[Required work]: The result is the exact lines from the one containing "圖1 MgO-B2O3-Si" through the final line of the entries; leave out the pictures.
-------
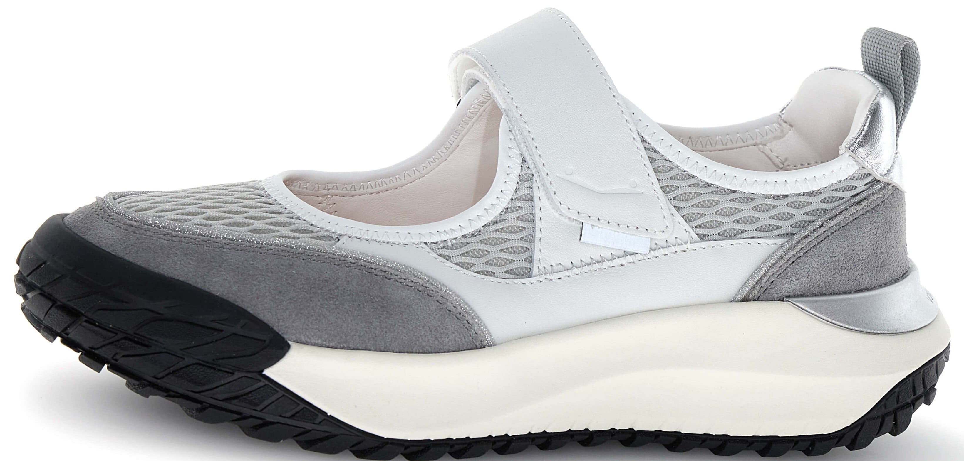 VOILE BLANCHEの中で、素材をイタリアン産に拘り、テクニックスニーカーに使用するパーツや素材、エッセンスデザインに活かしたのが特徴的なCLUBシリーズ。こちらのNEWモデルもCLUBシリーズの仲間。 トレンド要素の高い、メリージェーン型のコレクションで、 光沢感あるパーツ×メッシュ×テクニックソールを掛け合わしたハイブリッドコレクション。程よい、クッション性あるソールが履き心地も良く、流動的な丸みのあるソールの形状もデザインポイント。
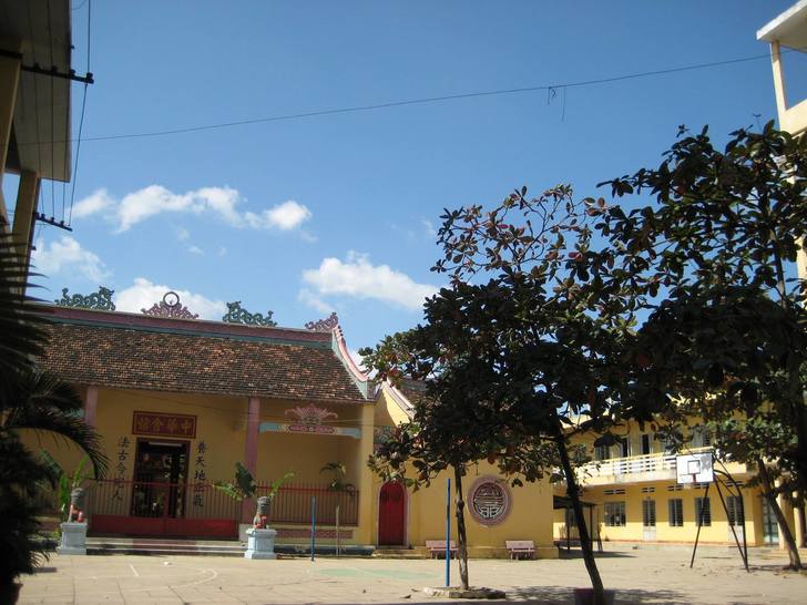 一張滄桑的相片,漫漾著灰黯淡白的圖像色影,那是學校後門口的情景。不曉得照片是哪一年月拍的,室內球場和圖書館、實驗室大樓似未曾建築動土,相片右方是St. phao Lo^`醫院,相片左方有着那棵高大老樹Kien^`Kien^`的枝葉,那是學校後門口的一點蔭涼,大樹旁邊有一間專賣零食、清涼甜品冰品的凍飲便利小店,店名「如意」,並有租借連環漫畫書籍,是大眾校生們的至愛,放學時刻人潮湧擠,生意興隆火紅。
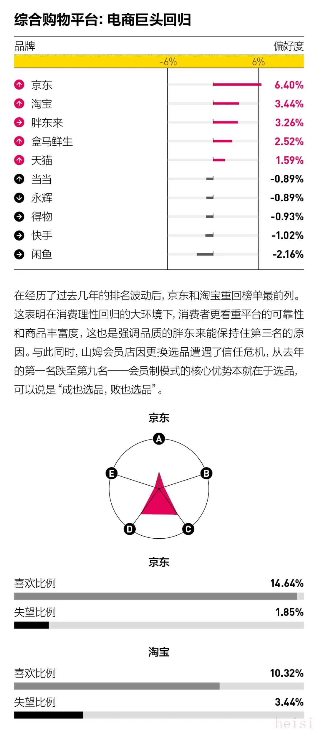 *注:偏好度=(愿意推薦比例-失望比例)×50% ;每個(gè)品類下有10-40個(gè)不等的被調(diào)研品牌;考慮到版面限制,制表時(shí)我們僅選取了每個(gè)品類的前五名和倒數(shù)五名;藍(lán)點(diǎn)從上到下為該品類第一至第五名;黑點(diǎn)從下到上為該品類最后一名至倒數(shù)第五名,中間名次略去;品牌名稱前圓圈中的箭頭反映了該品牌相較去年的排名變化;☆指新加入品牌。(下同)雷達(dá)圖圖例:A:品牌理念B:設(shè)計(jì)C:產(chǎn)品D:渠道E:營(yíng)銷
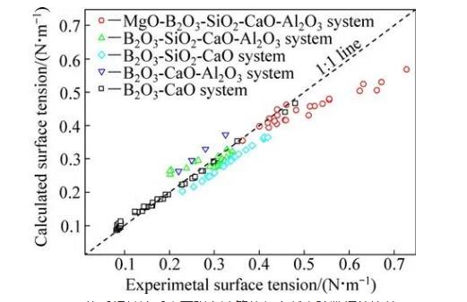 圖1 MgO-B2O3-SiO2-CaO-Al2O3體系相關渣系表面張力計算值與文獻實驗數據的比較
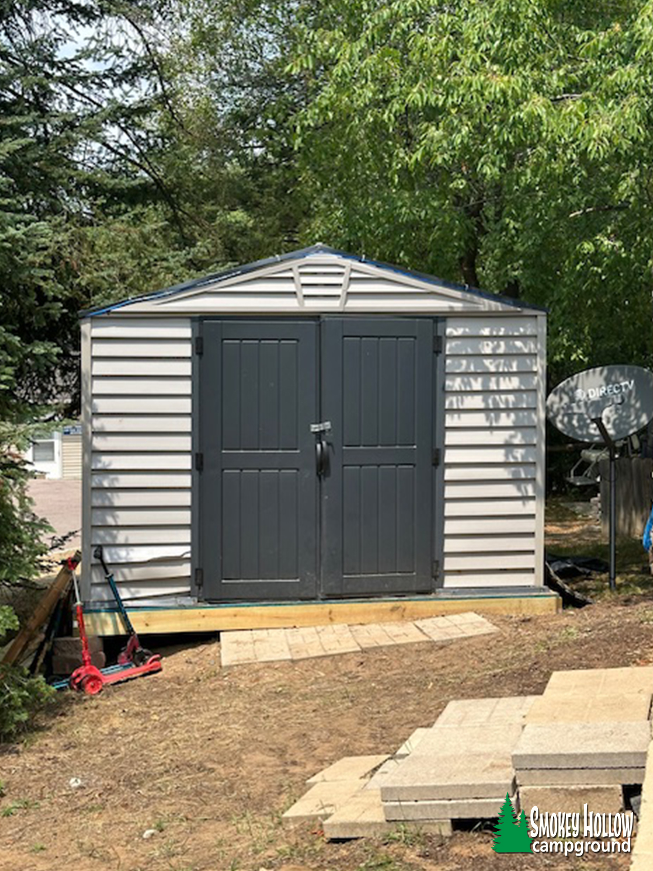 • Shed with shelving/storage and full-size fridge included, plus push mower – everything you need to keep the site in top shape.
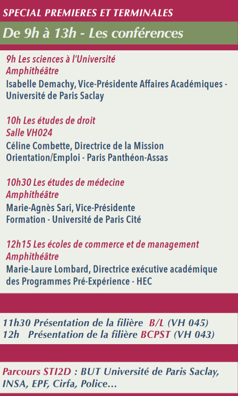 - le matin pour les lycéens de Première et Terminale : Les Sciences à l’Université, les études de Droit, de Médecine, et Spécial ECG : conférence HEC.
-------
[Answer section]:
 圖1 MgO-B2O3-SiO2-CaO-Al2O3體系相關渣系表面張力計算值與文獻實驗數據的比較
 • Shed with shelving/storage and full-size fridge included, plus push mower – everything you need to keep the site in top shape.
 - le matin pour les lycéens de Première et Terminale : Les Sciences à l’Université, les études de Droit, de Médecine, et Spécial ECG : conférence HEC.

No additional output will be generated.